Re: Types, sets, and relations

phayes@cs.uiuc.edu
Message-id: <199304282021.AA14946@dante.cs.uiuc.edu>
Date: Wed, 28 Apr 1993 15:23:49 +0000
To: macgregor@ISI.EDU
From: phayes@cs.uiuc.edu
X-Sender: phayes@dante.cs.uiuc.edu
Subject: Re: Types, sets, and relations
Cc: interlingua@ISI.EDU
Bob, I found this in an earlier message of yours:

>... We and many of our users
>find the distinction between Type and Monadic-Relation useful, but we
>have not discovered a reliable semantic basis for this distinction, and
>I would hazard a guess that we never will.

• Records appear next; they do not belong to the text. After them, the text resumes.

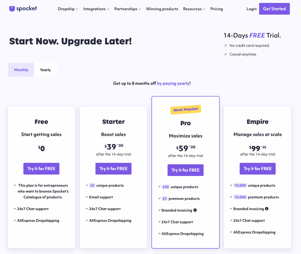 Beim Vergleich von Spocket mit Oberlo haben beide unterschiedliche Preisstufen. Spocket hat vier Preisstufen, die maximale Flexibilität bei der Skalierung Ihres Unternehmens ermöglichen. Neue Dropshipper, die sich das auf Spocket verfügbare Produktinventar ansehen möchten, können sogar auf ein kostenloses Konto zugreifen.
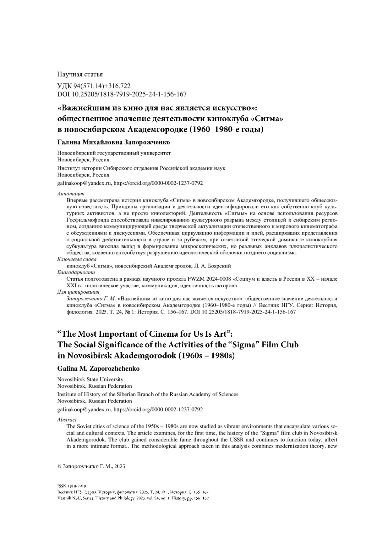 ЗАПОРОЖЧЕНКО Г. М. «ВАЖНЕЙШИМ ИЗ КИНО ДЛЯ НАС ЯВЛЯЕТСЯ ИСКУССТВО»: ОБЩЕСТВЕННОЕ ЗНАЧЕНИЕ ДЕЯТЕЛЬНОСТИ КИНОКЛУБА «СИГМА» В НОВОСИБИРСКОМ АКАДЕМГОРОДКЕ (1960–1980-Е ГОДЫ) // ВЕСТНИК НГУ. СЕРИЯ: ИСТОРИЯ, ФИЛОЛОГИЯ. 2025. ТОМ 24, № 1
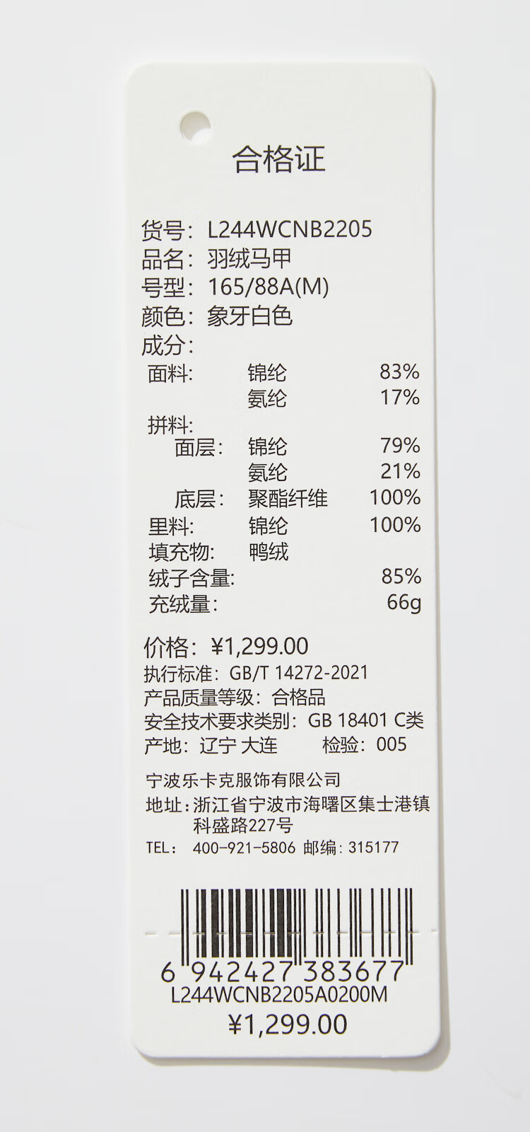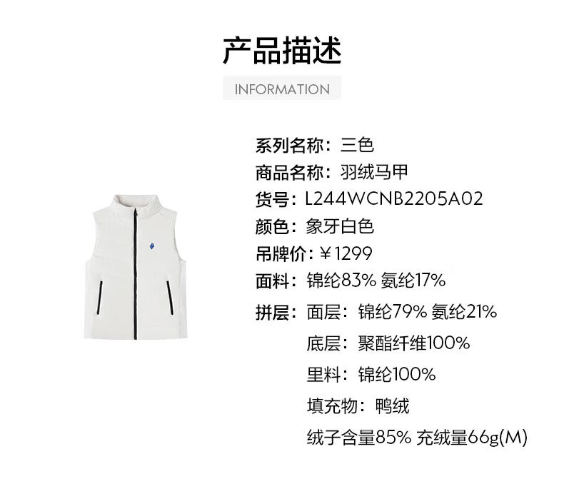 Le coq sportif乐卡克【三色】法国公鸡秋冬女款运动羽绒马甲L244WCNB2205

OK, my last challenge is inappropriate. Could you give me then some idea of
why you find this (apparently meaningless) distinction so useful that you
want to incorporate it into the syntax of the language? For example,
suppose I were to simply ignore it, and just translate all types into
monadic predicates, without telling you. How would you ever discover I had
done this? What difference would it make?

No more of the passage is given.